The results will be shown in the instrument report.
Control Valve DP = spillback splitter alternate flow scenario pressure - CV suction piping pressure drop - CV discharge piping pressure drop - Pressure at spillback return equipment alternate flow - Static head based on CV at grade and the elevation of the spillback return equipment port elevation
- If all pump flow rates are less than the pump minimum flow, NHP will add a continuous spillback with control valve. For example, there is an ASME pump with 11.3 gpm rated flow and 178 ft rated head. T-501-03 tool will show that there is no pump selection for this rated condition; the rated flow is too low. NHP will reference this tool and know to increase all the flows with a spillback to 13 gpm in order to make a pump selection. See Appendix B for Circuit Report.
5. Column Total Overhead Pump with Minimum Flow Protection via Reflux
This example involves a column total overhead pump with multiple process cases. At the normal (100%) flow scenario for each process case, the process flow exceeds the minimum continuous flow of the pump.

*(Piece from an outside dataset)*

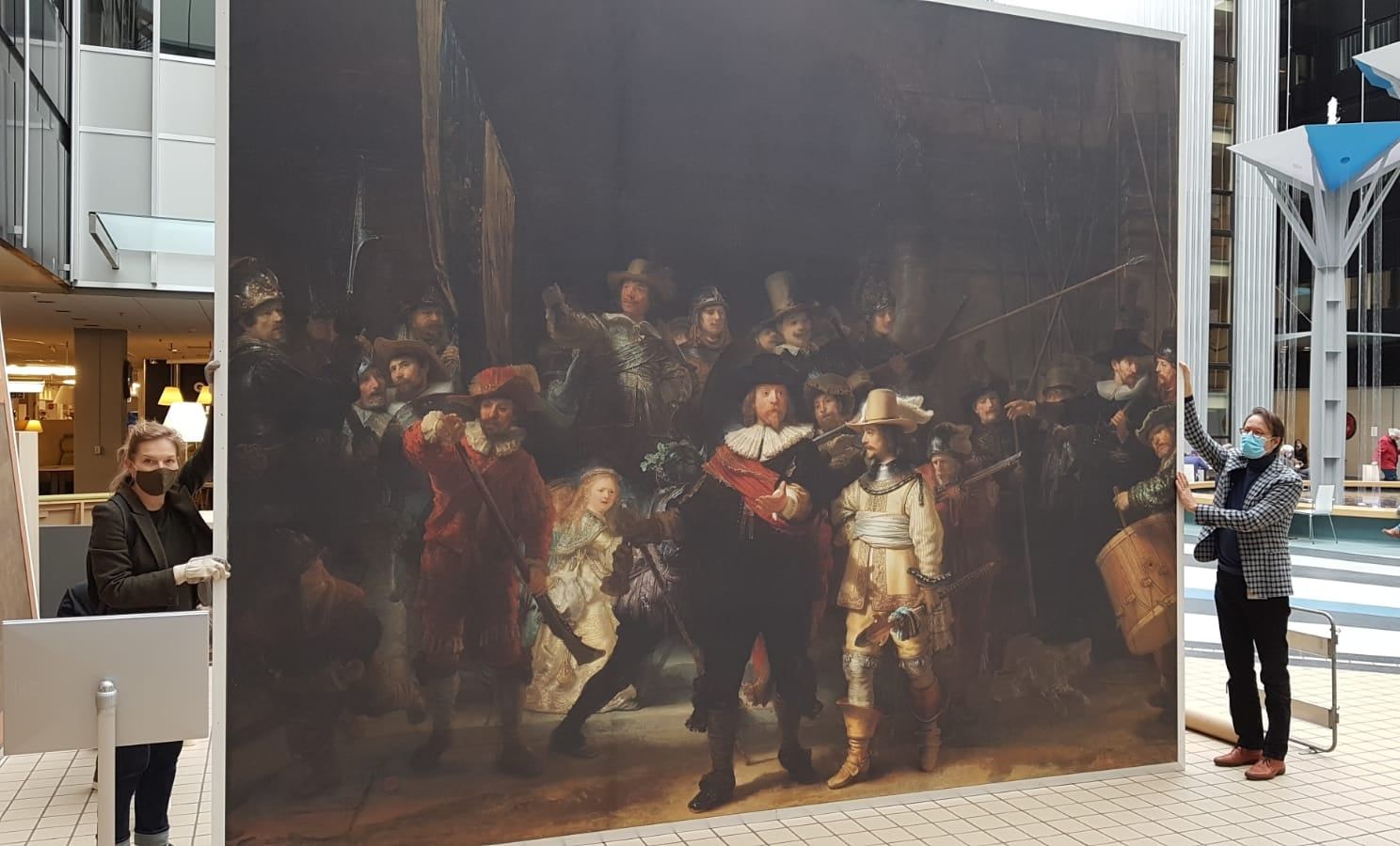 Levensgrote reproducties van het meesterwerk van Rembrandt van Rijn reizen, sinds de uitbraak van het coronavirus, langs verschillende zorginstellingen in Nederland. Deze week staat één van de grote replica’s van de Nachtwacht in het Universitair Medisch Centrum Groningen.

An automated spillback is not required in column total overhead liquid service when – for all process cases - the sum of the normal (100%) reflux flow and turndown flow of net overhead liquid exceeds the minimum continuous flow of the pump. The reflux can be as high as 100% at turndown conditions if the reboiler is heated by steam or hot oil and the reboiler is not turned down.
An automated spillback is required in column total overhead liquid service when – for any process case - the sum of the normal (100%) reflux flow and turndown flow of net overhead liquid is less than the minimum continuous flow of the pump. In addition, if the reboiler is heated by process fluid or the column is steam stripped, the reboiler will be turned down and the reflux must also be turned down. A spillback will be required if the total overhead liquid at turndown is less than the minimum continuous flow of the pump.
For this example, let’s assume the reboiler is heated by steam and the reflux will be increased to avoid an automated spillback. The Design Engineer shall adhere to the following (see Example 5 hydraulic tabulations):
1. Both the reflux and net overhead circuits shall include the pump. This ensures that sufficient differential pressure will be available to both the reflux and net overhead flow control valves.
2. Setup the two pump circuits the normal way as if no spillback is required (100%, 110%, 50/60%).
| Case 2 | Case 3 | |
|---|---|---|
| Reflux flow, gpm | 742.7 | 683.2 |
| Net Overhead flow, gpm | 605.8 | 633.9 |
| Pump minimum flow, gpm | 800 | 800 |
| Total Alternate flow at 50%, gpm | (742.7+605.8)*0.5 = 674.3 | (683.2+633.9)*0.5 = 658.6 |
3. As shown in the table above, the alternate flow is less than the pump minimum flow. Determine how much you need to increase the reflux in order to set the alternate flow equal to the pump minimum flow.
| Case 2 | Case 3 | |
|---|---|---|
| Net Overhead flow at 50%, gpm | 605.8*0.5 = 302.9 | 633.9*0.5 = 316.95 |
| Required reflux to increase pump alternate flow to pump min flow, gpm | 800-302.9 = 497.1 | 800-316.9 = 483.1 |
| Reflux alternate flow factor, % | 497.1/742.7*100 = 67 | 483.1/683.2*100 = 71 |
4. Since the reflux needs to be increased less than 100% to increase the alternate pump flow to the pump minimum flow, a spillback is not required. The reflux should be increased in order to avoid a spillback and prevent the alternate flow from going less than the pump minimum flow. Review the technology manual to see if there are any exceptions to this rule. If the calculated reflux alternate flow factor is greater than 100%, then an automated spillback is required.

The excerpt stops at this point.